I'm trying to understand how in Hartree-Fock-Bogoliubov (HFB) or BCS theory we can write a product of creation/annihilation operators as single-particle densities under the guise of "Wick's theorem".
In this set of slides, on slide no. 20 (and I've seen this in many many, many papers) the author makes the claim $c_a^\dagger c_b = \rho_{ba} + :c_a^\dagger c_b:$, invoking Wick's theorem, where $\rho_{ba} \equiv \left.\langle\Phi\right| c_a^\dagger c_b\left|\Phi\rangle\right.$. Essentially, the Wick contraction of $c_a^\dagger c_b$ is equal to $\rho_{ba}$. I'd like to put this on firm footing. My two questions are:
- How do we know the contraction $\langle c_a^\dagger c_b \rangle = \rho_{ba}$?

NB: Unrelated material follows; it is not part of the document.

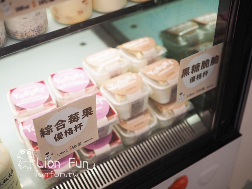 販售各種口味的優格飲,像是火龍果桂花蜜桑葚紅柚寒天奇亞籽燕麥鳳梨旺萊等等
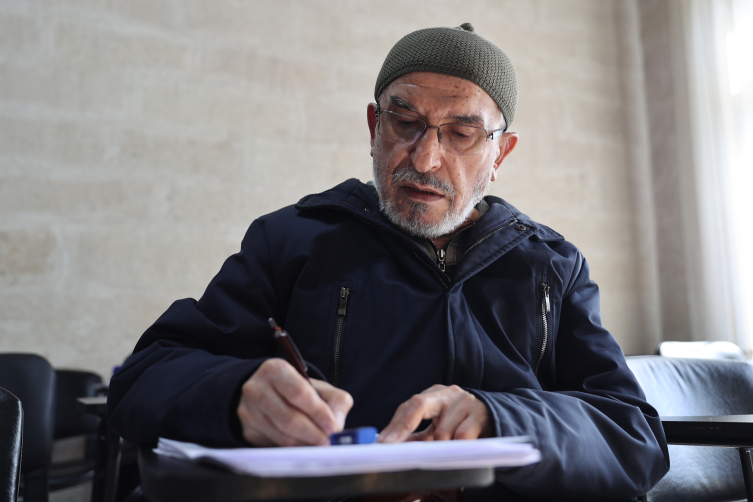 Nevşehir Belediyesi bünyesindeki Kapadokya Eğitim Merkezi'nde (KAPEM) Halk Eğitim Merkezi işbirliğinde açılan İngilizce kursuna kızının tavsiyesi üzerine üç hafta önce kayıt olan Yıldız, hafta sonları bastonla yürüyerek kursa geliyor.

- Given #1, the normal ordered product $:c_a^\dagger c_b:$ must be 0 in the state $\left|\Phi\rangle\right.$ by definition. Are we free to choose "normal-ordering" with respect to any state we like?
That is, can we say $c_a^\dagger c_b$ is normal-ordered with respect to the vacuum $\left|-\rangle\right.$, so $\langle c_a^\dagger c_b \rangle$ should be 0 there but isn't normal-ordered with respect to the state $\left|\Phi\rangle\right.$ where $c^\dagger_a c_b \ne :c^\dagger_a c_b:$ (whatever $:c^\dagger_a c_b:$ actually is)? Is there a way to prove that some combination $c_a^\dagger c_b$, $c_a c_b$, etc. always has a vanishing normal-ordered product (I think I can show this with Boguliubov quasiparticles in this case)?
If we have the freedom of #2, then #1 is trivial without having to calculate anything, since $$ \rho_{ba} = \left.\langle\Phi\right| c_a^\dagger c_b\left|\Phi\rangle\right. = \left.\langle\Phi\right| \langle c_a^\dagger c_b \rangle + :c_a^\dagger c_b:\left|\Phi\rangle\right. = \langle c_a^\dagger c_b \rangle. $$
From there we can do the more general decomposition $$\left.\langle\Phi\right| c_a^\dagger c_b^\dagger c_d c_c \left|\Phi\rangle\right. = \rho_{ca} \rho_{db} - \rho_{da}\rho_{cb} + \kappa_{ba}^* \kappa_{cd},$$
where $\kappa_{ba} = \left.\langle\Phi\right| c_a c_b \left|\Phi\rangle\right.$, using Wick's theorem.